Exercise instructions>
Leaving out every picture, transcribe the lines from the line that contains "of plain typical" to the end of the entries below, both ends included.

*** The records Section Begins ***

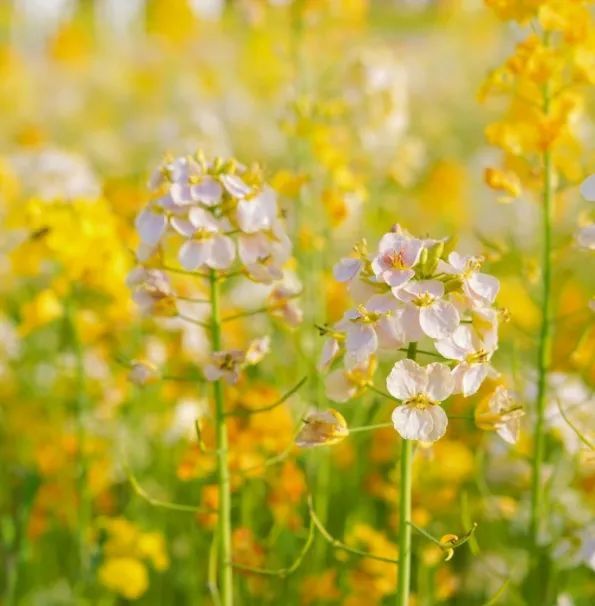 今年油菜花海打破了传统单一的金色浪潮!鹅黄、淡金、橘粉的油菜花错落交织,像是大自然打翻了调色盘,又或是春风特意为横沙调配的“莫奈色卡”。
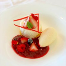 渋谷でランチ 夏のメリメロサラダ 冷製ガスパッチョ ラタトゥユを詰めたイサキのオーブン焼き ルッコラとアンショワイヤードと共に 鶏もも肉のディアブル クリーミーなポレンタ エストラゴン風味のソースロベール
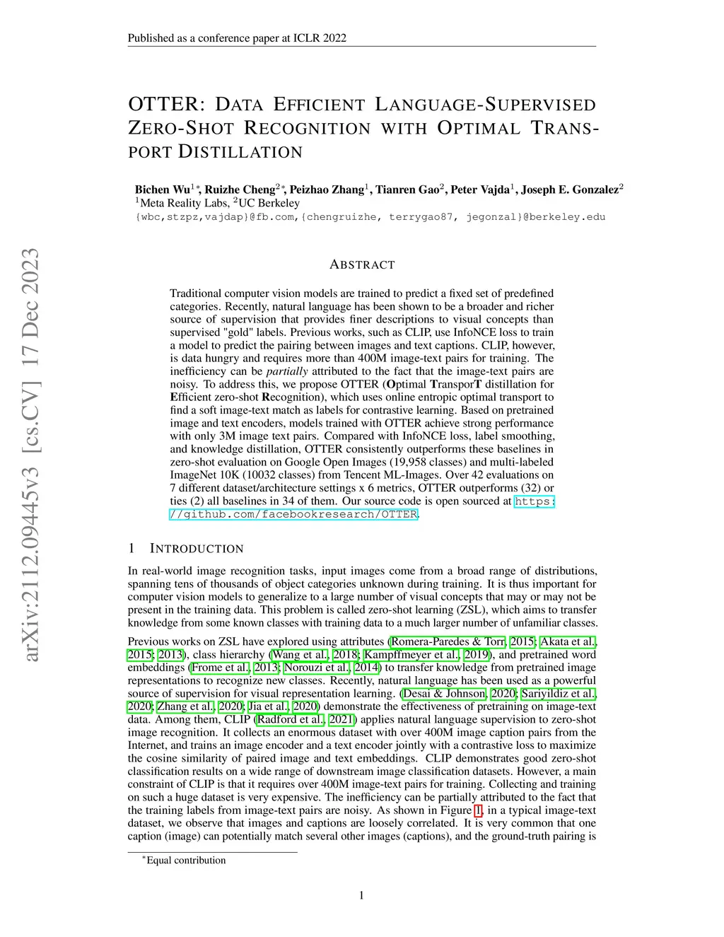 Traditional computer vision models are trained to predict a fixed set of predefined categories. Recently, natural language has been shown to be a broader and richer source of supervision that provides finer descriptions to visual concepts than supervised "gold" labels. Previous works, such as CLIP, use InfoNCE loss to train a model to predict the pairing between images and text captions. CLIP, however, is data hungry and requires more than 400M image-text pairs for training. The inefficiency can be partially attributed to the fact that the image-text pairs are noisy. To address this, we propose OTTER (Optimal TransporT distillation for Efficient zero-shot Recognition), which uses online entropic optimal transport to find a soft image-text match as labels for contrastive learning. Based on pretrained image and text encoders, models trained with OTTER achieve strong performance with only 3M image text pairs. Compared with InfoNCE loss, label smoothing, and knowledge distillation, OTTER consistently outperforms these baselines in zero shot evaluation on Google Open Images (19,958 classes) and multi-labeled ImageNet 10K (10032 classes) from Tencent ML-Images. Over 42 evaluations on 7 different dataset/architecture settings x 6 metrics, OTTER outperforms (32) or ties (2) all baselines in 34 of them.
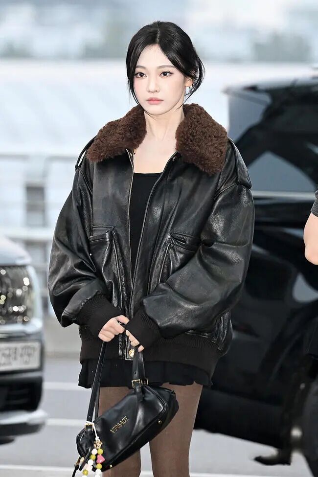 搭这种外套,秘诀就是“重点突出”——外套本身已经足够有戏,内搭和下装基础就够帅。让皮革的硬朗光泽与毛领的蓬松质感形成有趣对比,整体造型富有层次且态度十足。
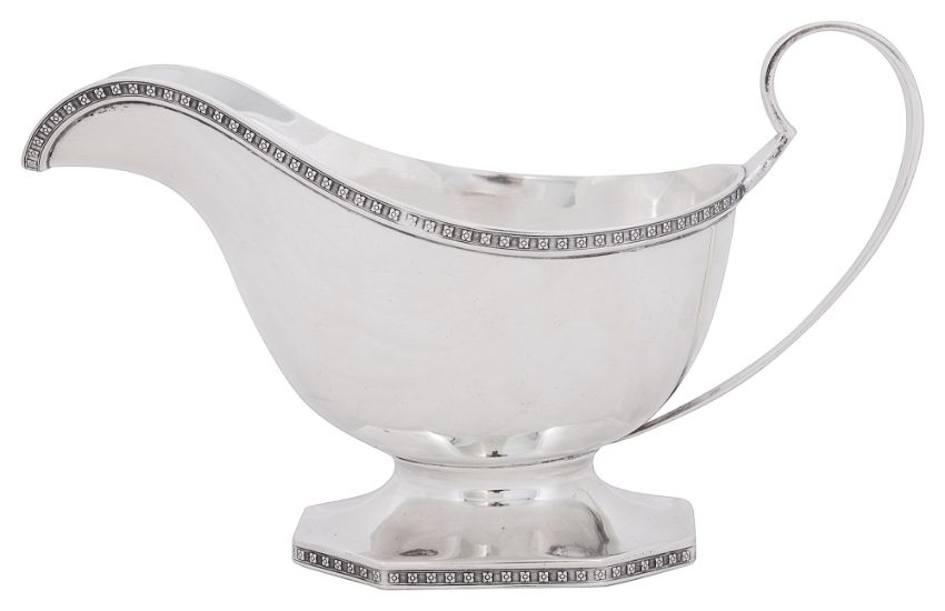 of plain typical form with scroll handle and foliate borders and rims, on an octagonal spreading foot, stamped 51893
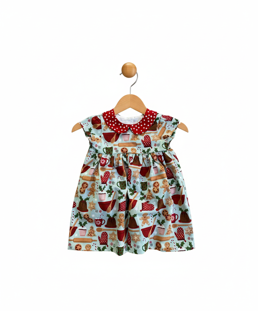Gingerbread Cookies Dress with Red Polka Dot Peter Pan Collar (NEW) 18/24 Month - Ready to ship
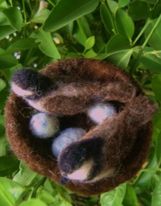 At the expense of my garden full of weeds and my house knee-deep in dog hair and dust. I have been rooted to my work table. The orders are coming fast and furious as there have been calls from other venues as well. Last week there were a number of pieces added to the Crafter’s Room inventory. I had made nests with chickadees and their tiny eggs and they are so coveted that they are heading to five different venues. Cute, they are so cute, so guess I understand!
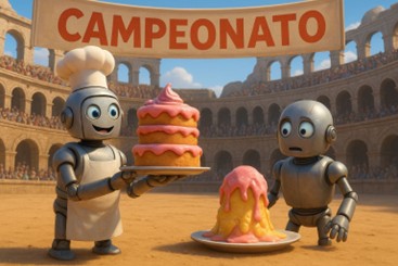 Había una vez un robot cocinero que se llamaba Rick. Vivía en la cocina del coliseo romano y deseaba ganar el campeonato de los pasteles más ricos del mundo. El problema es que había un malvado clon de Rick que se llamaba José y era mucho mejor cocinero.

*** The records Section Ends ***

Reply>
 of plain typical form with scroll handle and foliate borders and rims, on an octagonal spreading foot, stamped 51893
Gingerbread Cookies Dress with Red Polka Dot Peter Pan Collar (NEW) 18/24 Month - Ready to ship
 At the expense of my garden full of weeds and my house knee-deep in dog hair and dust. I have been rooted to my work table. The orders are coming fast and furious as there have been calls from other venues as well. Last week there were a number of pieces added to the Crafter’s Room inventory. I had made nests with chickadees and their tiny eggs and they are so coveted that they are heading to five different venues. Cute, they are so cute, so guess I understand!
 Había una vez un robot cocinero que se llamaba Rick. Vivía en la cocina del coliseo romano y deseaba ganar el campeonato de los pasteles más ricos del mundo. El problema es que había un malvado clon de Rick que se llamaba José y era mucho mejor cocinero.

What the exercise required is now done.